_Work required:_ Everything from the opening line of the records below through the line with "护士们在病房张贴了清晰的踝泵" must be duplicated exactly, pictures left out.

——————

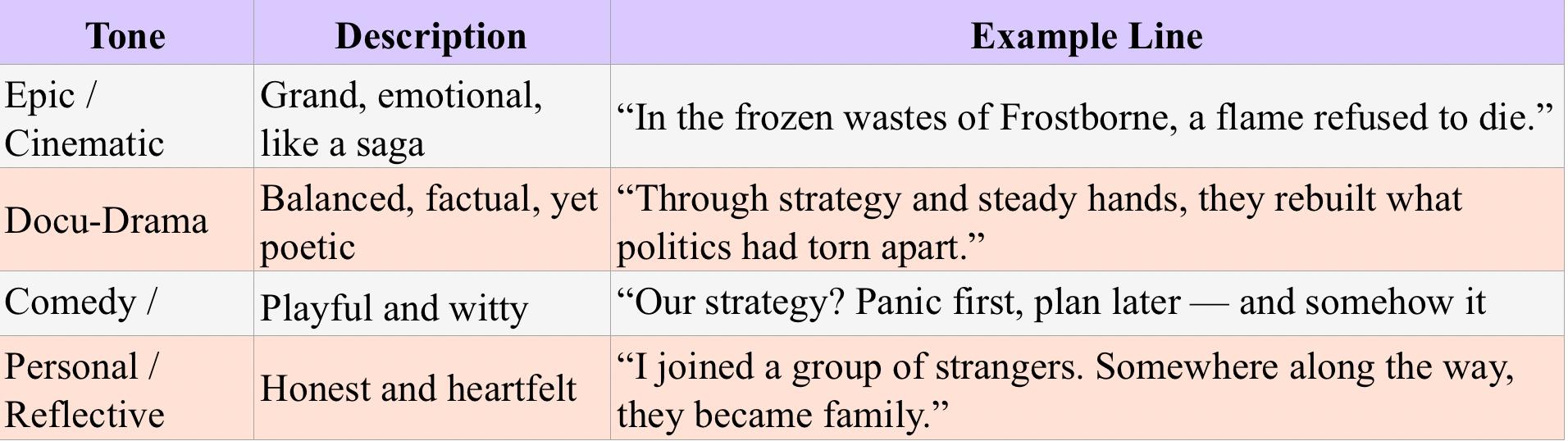 This guide will help you build the emotional heart, structure, and tone of your story. Whether you want it to feel epic, funny, like a documentary, or heartfelt, it’s got you covered.
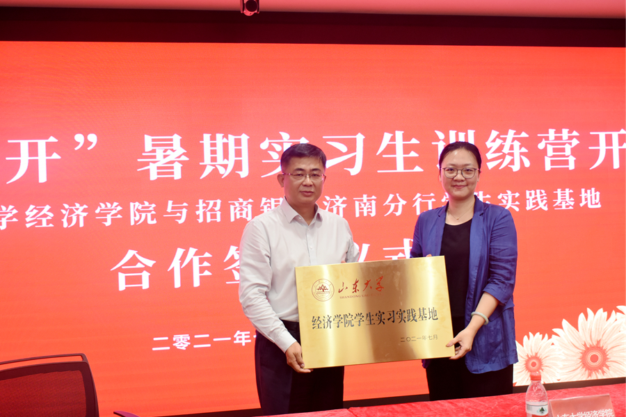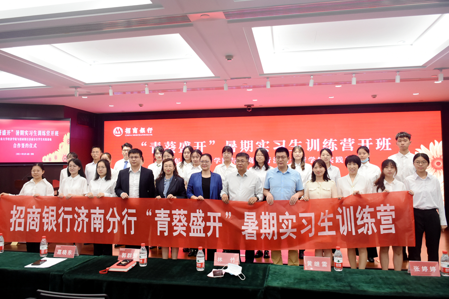 7月12日,yl7703永利官网与招商银行济南分行举行“青葵盛开”暑期实习生训练营开班暨学生实习实践基地合作签约仪式。招商银行济南分行公司金融事业部副总裁郭群迎、招商银行济南分行人力资源部总经理葛晓东、yl7703永利官网党委副书记林竹、指导教师代表黄继雷、辅导员张婷婷出席仪式。仪式由招商银行济南分行人力资源部副总经理孟丽霞主持。
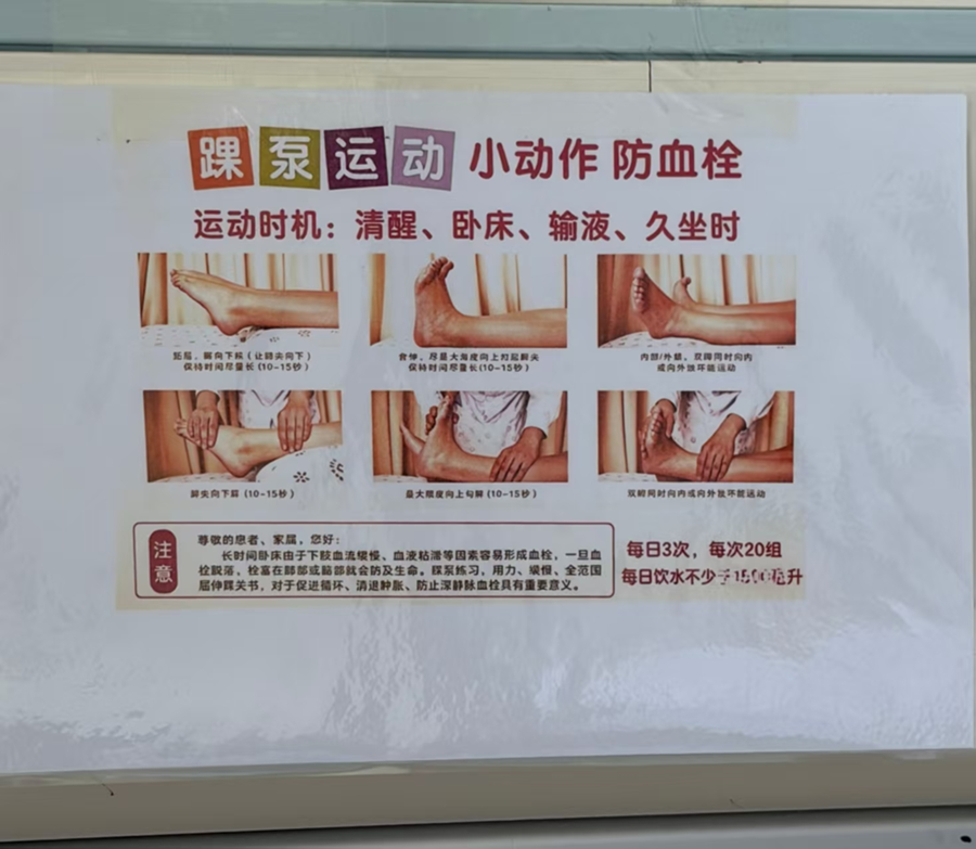 护士们在病房张贴了清晰的踝泵运动宣教海报,用图文并茂的方式,详细标注勾脚、绷脚、内外翻、环转等动作要领,以及每日3次、每次20组的练习频次,患者清醒、卧床、输液或久坐时均可进行。同时,护士们开展一对一床边指导,手把手示范动作要点,协助卧床患者完成被动训练,指导能活动的患者主动练习,确保人人掌握规范动作,让康复训练不打折扣。
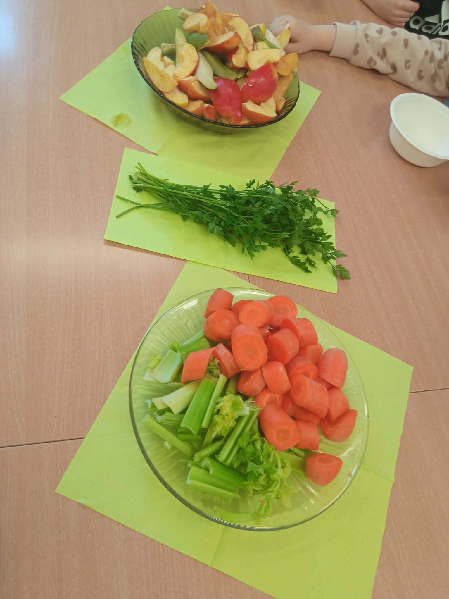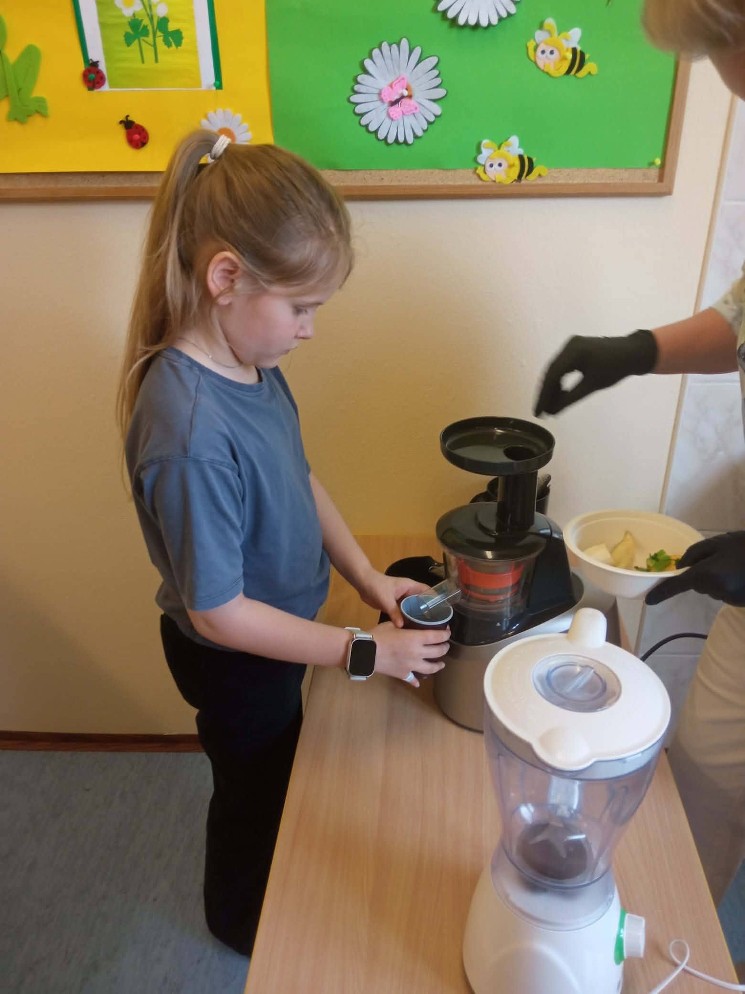 Podczas zajęć nasi najmłodsi kucharze wcielili się w rolę ekspertów od zdrowego żywienia. Dzieci samodzielnie komponowały i wyciskały świeże soki z owoców i warzyw. W ruch poszły soczyste jabłka, słodkie pomarańcze, chrupiące marchewki i pełną witamin natkę z pietruszki oraz seler naciowy.
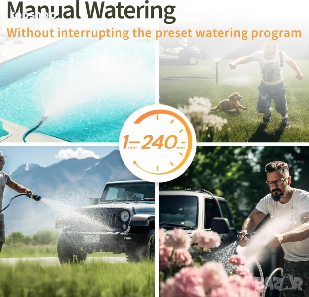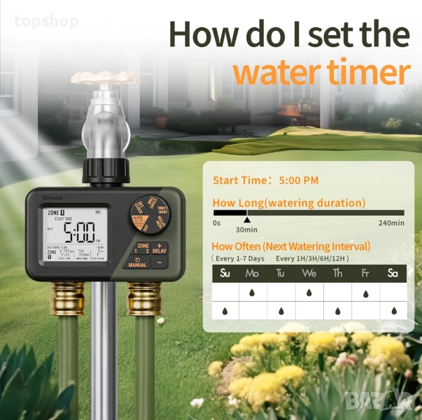 таймер за поливане: Таймерът за вода с 2 изхода улеснява планирането на поливането отделно за различните зони. Можете да зададете начален час, продължителността на поливането е от 0 до 240 минути, честотата на поливане от 1 час/3 часа/6 часа 12 часа или от всеки ден до всеки 7 дни, включително само четни или нечетни дни. Таймерът за маркуч Diivoo ви дава по-голяма точност за вашите променливи нужди от поливане.
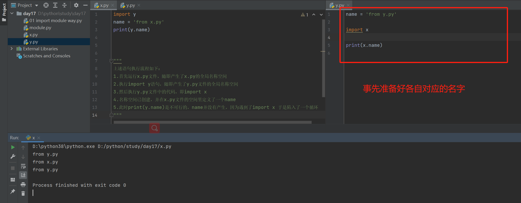 5.此时print(y.name)是不可行的,name并没有产生,因为遇到了import x 于是陷入了一个循环
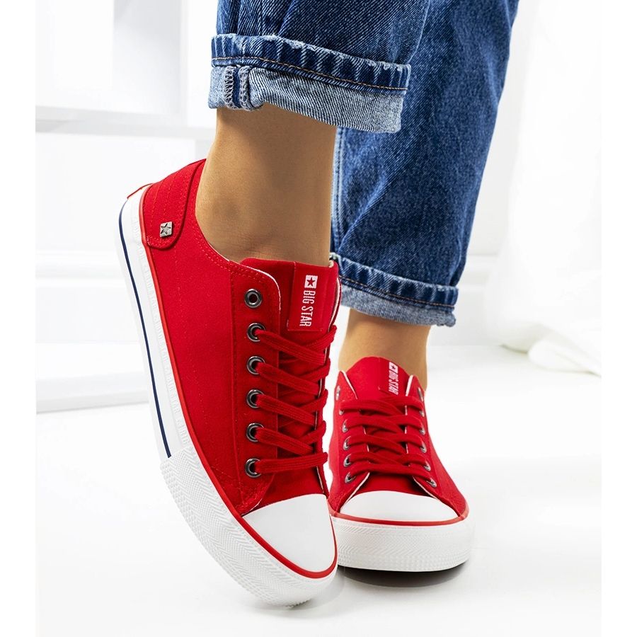 Big Star DD274339 - tênis clássicos femininos em uma cor vermelha intensa. Baixo, renda -up e confortável - perfeito para estilizações urbanas todos os dias quando você deseja adicionar um pouco de energia à aparência.
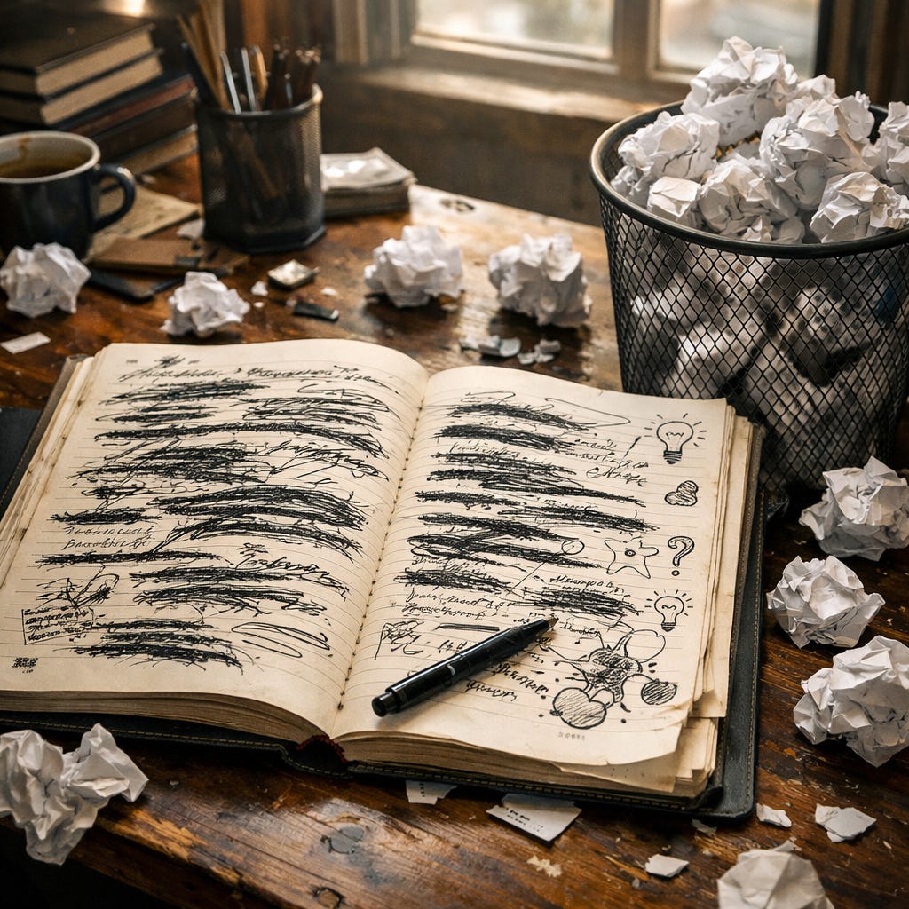 It’s time to get started. A title? I fill it in... but I’m not convinced. I cross it out, I scribble.
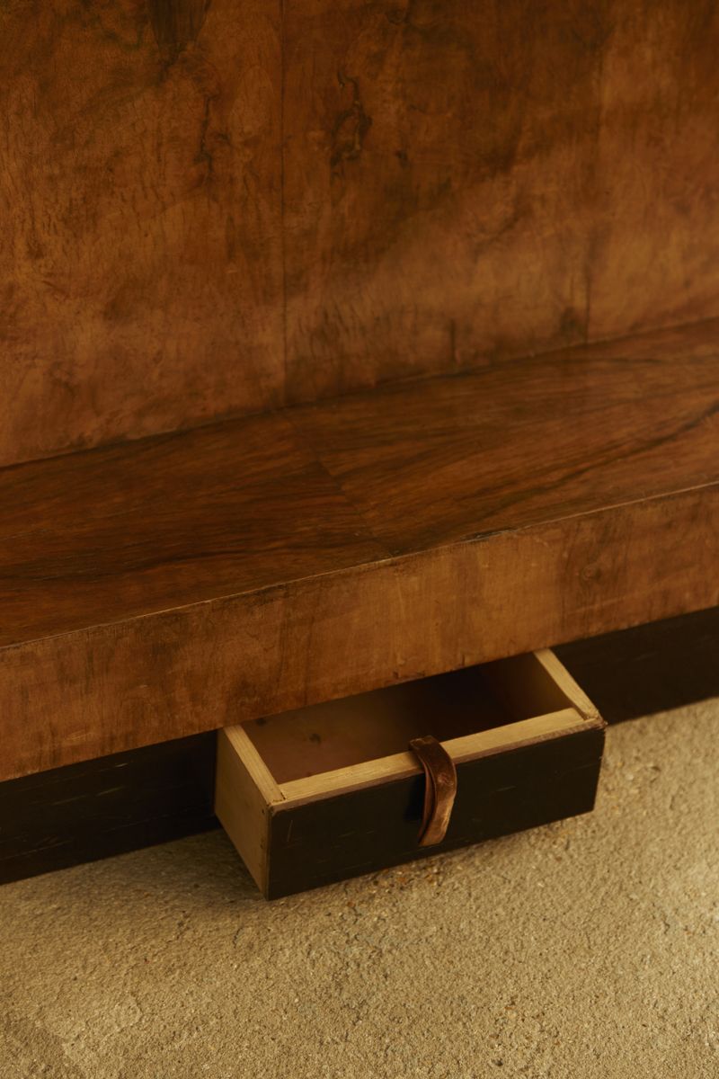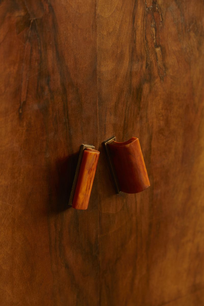 The exquisite Bakelite handles add a touch of vintage charm, while the small drawer with a leather pull handle provides convenient storage for personal items. A perfect blend of form and utility.
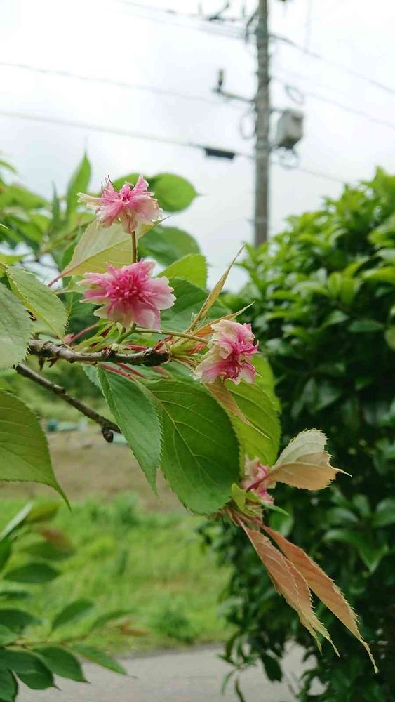 数日前まで緑色の桜だったけど、どんどん赤みが増してきて驚きました😊
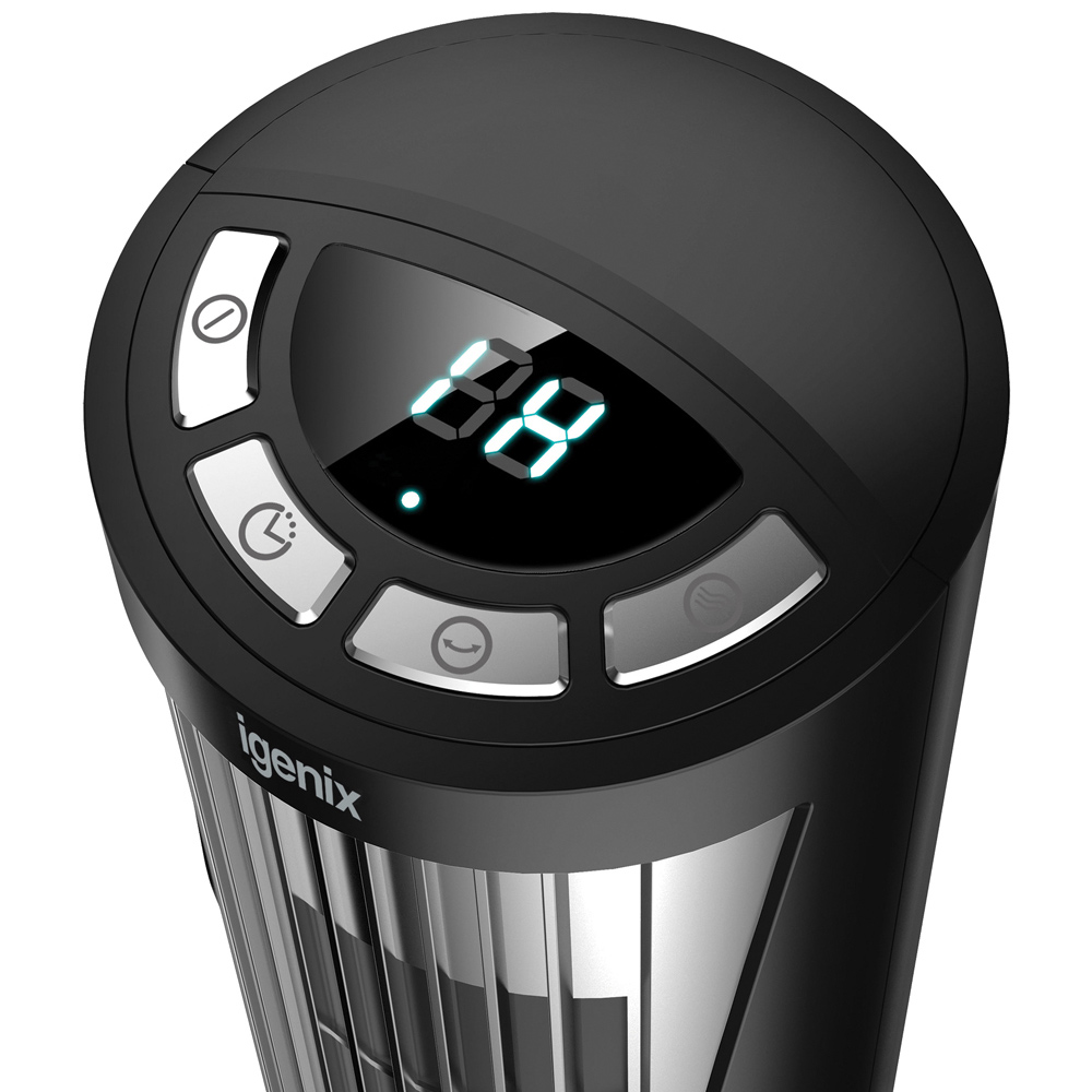 Stay cool all season long with the Igenix Black Digital Mini Tower Fan 12-inch. Its compact cylindrical tower design is perfect for saving space, making it smaller than a standard desk fan. You can easily place it on shelves, desks, or bedside tables. The oscillation function ensures that the air is evenly distributed throughout the room. With 3-speed settings, you can adjust the power levels to your liking. The 8-hour timer allows you to set it up conveniently for those hot summer nights. Control it with electronic buttons. Product Dimensions: H300 x W110 x D100cm.
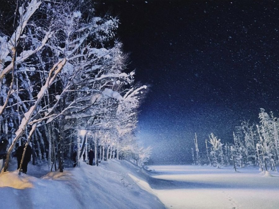 ライトが降っている雪に反射しキラキラしていて
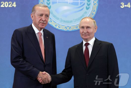 블라디미르 푸틴 러시아 대통령이 3일 (현지시간) 카자흐스탄 아스타나에서 열린 상하이 협력기구(SCO) 정상회의 중 레제프 타이이프 에르도안 튀르키예 대통령과 만나 악수를 하고 있다. 2024.07.04 ⓒ AFP=뉴스1 ⓒ News1 우동명 기자 |

——————

_Answer area:_
 This guide will help you build the emotional heart, structure, and tone of your story. Whether you want it to feel epic, funny, like a documentary, or heartfelt, it’s got you covered.
 7月12日,yl7703永利官网与招商银行济南分行举行“青葵盛开”暑期实习生训练营开班暨学生实习实践基地合作签约仪式。招商银行济南分行公司金融事业部副总裁郭群迎、招商银行济南分行人力资源部总经理葛晓东、yl7703永利官网党委副书记林竹、指导教师代表黄继雷、辅导员张婷婷出席仪式。仪式由招商银行济南分行人力资源部副总经理孟丽霞主持。
 护士们在病房张贴了清晰的踝泵运动宣教海报,用图文并茂的方式,详细标注勾脚、绷脚、内外翻、环转等动作要领,以及每日3次、每次20组的练习频次,患者清醒、卧床、输液或久坐时均可进行。同时,护士们开展一对一床边指导,手把手示范动作要点,协助卧床患者完成被动训练,指导能活动的患者主动练习,确保人人掌握规范动作,让康复训练不打折扣。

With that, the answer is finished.